As the Cowichan Tribes assumes control over its child and family services, it plans to leave behind the practice of child apprehension that its chief says has traumatized members of her nation for generations.

“Today, we are making history,” said Chief Cindy Daniels of the Cowichan Tribes, Vancouver Island’s most populous First Nation.

“We are putting in place our law.”

Representatives from Cowichan Tribes, B.C. and Canada officially signed a tripartite agreement on June 24 under a tent on the soccer fields next to the community’s Si’em Lelum Gymnasium.

The agreement allows for Cowichan Tribes to assume full management of all aspects of child and family services for its community, including prevention, protection measures and operations.

Daniels, whose traditional name is Sulsulxumaat, said her thoughts were with the generations of Cowichan children who experienced the trauma of being removed from their families and their community.

Cowichan Tribes will not practice child apprehension and placements “that have alienated children from their families and our community for generations,” she said.

Grace Lore, B.C.’s minister of children and family development, said state intervention in Indigenous families has a long history of causing harm, from residential schools to the Sixties Scoop.

Lore said the agreement means her ministry will no longer oversee Cowichan Tribes child and family services as of Aug. 1.

“By recognizing their inherent right to jurisdiction, we do not have oversight.

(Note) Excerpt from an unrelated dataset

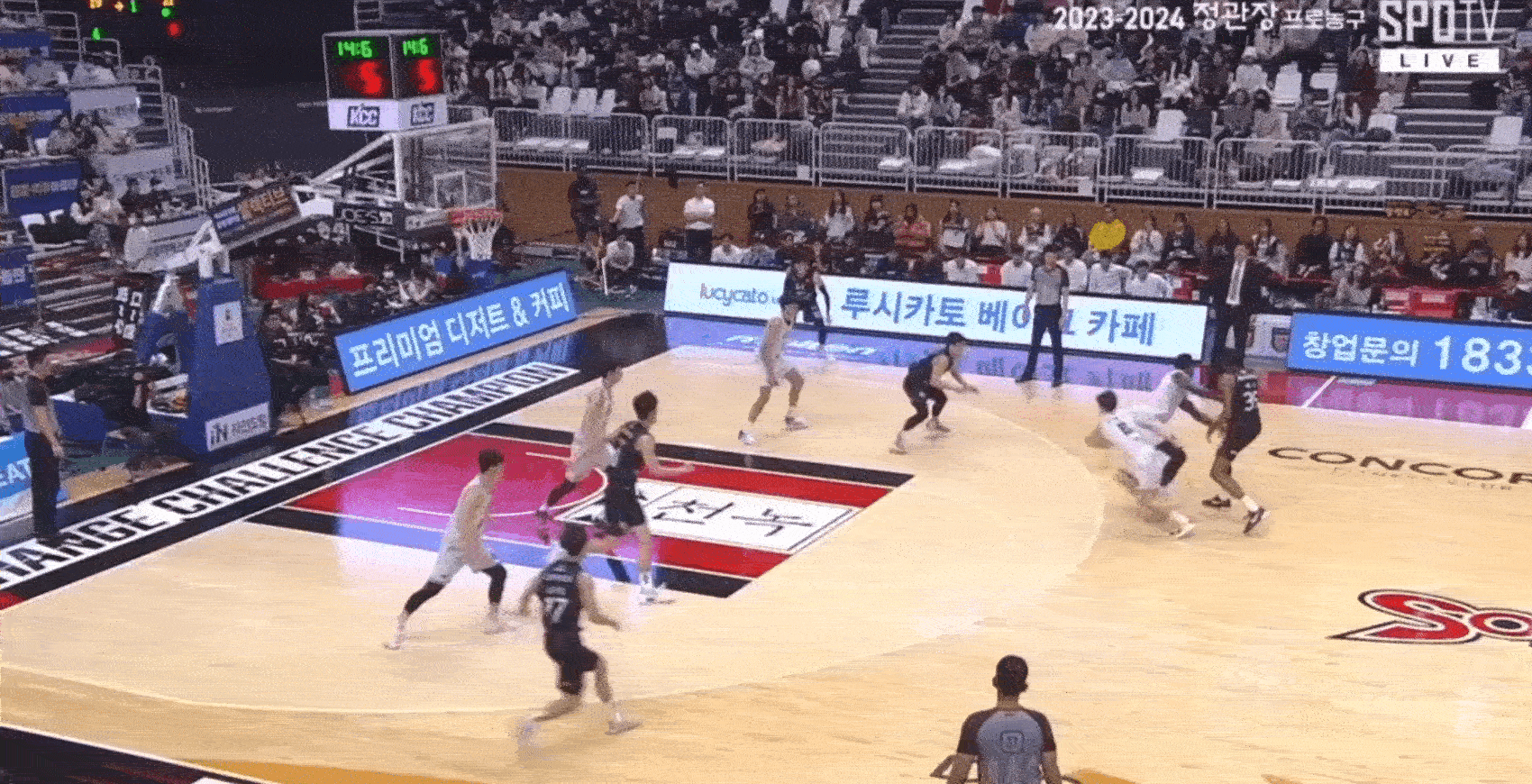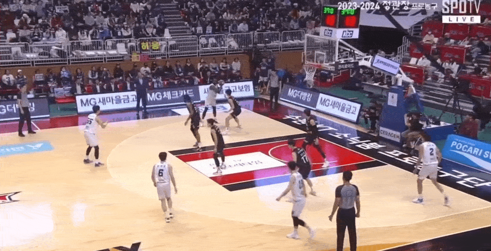 허웅의 노룩 패스를 성공시키는 알리제

The services are provided by the Nation for Nation members from ­prevention to protection, provided by Cowichan Tribes in accordance with Cowichan law,” she said. “They never gave up the responsibility and honour of caring for their kids and families.”

Federal Minister of Indigenous Services Patty Hajdu, representing Canada, said the agreement allows the Cowichan Tribes to take back control of their child and family services, “something that should have never been taken away in the first place.”

The Cowichan Tribes have been pushing for child and family services to be under its control since 2020, after the passage of the federal government’s Bill C-92 in 2019 allowed for Indigenous groups to assume full jurisdiction over child and family services.

Cowichan citizens voted last November to reclaim child services from B.C. and for Cowichan Tribes regulations concerning its child and family services to prevail over federal or provincial law in cases of disagreement.

Nation-provided service will initially cover Vancouver Island and the Gulf Islands.

Lore said her ministry will continue to be involved in cases that involve Cowichan members in other parts of the province not covered by the agreement.

The nation’s child protection services will be managed by a services authority named Stsi’elh stuhw’ew’t-hw tun Smun’eem, which is in the process of appointing a CEO, the province said.

Cowichan Tribes council will regulate, support and ensure that the authority functions properly but will otherwise be uninvolved in day-to-day operations and case decisions.

The Cowichan Tribes have delivered prevention and protection services through its child and family service, Lalum’utul’ Smun’eem, since 1993.

The agency currently operates under the authority of the provincial government.

Indigenous children are vastly over-represented in foster care in Canada, making up 53.8 per cent of children under 14 in care, despite the fact they are just 7.7 per cent of the population under 14, according to 2021 census data.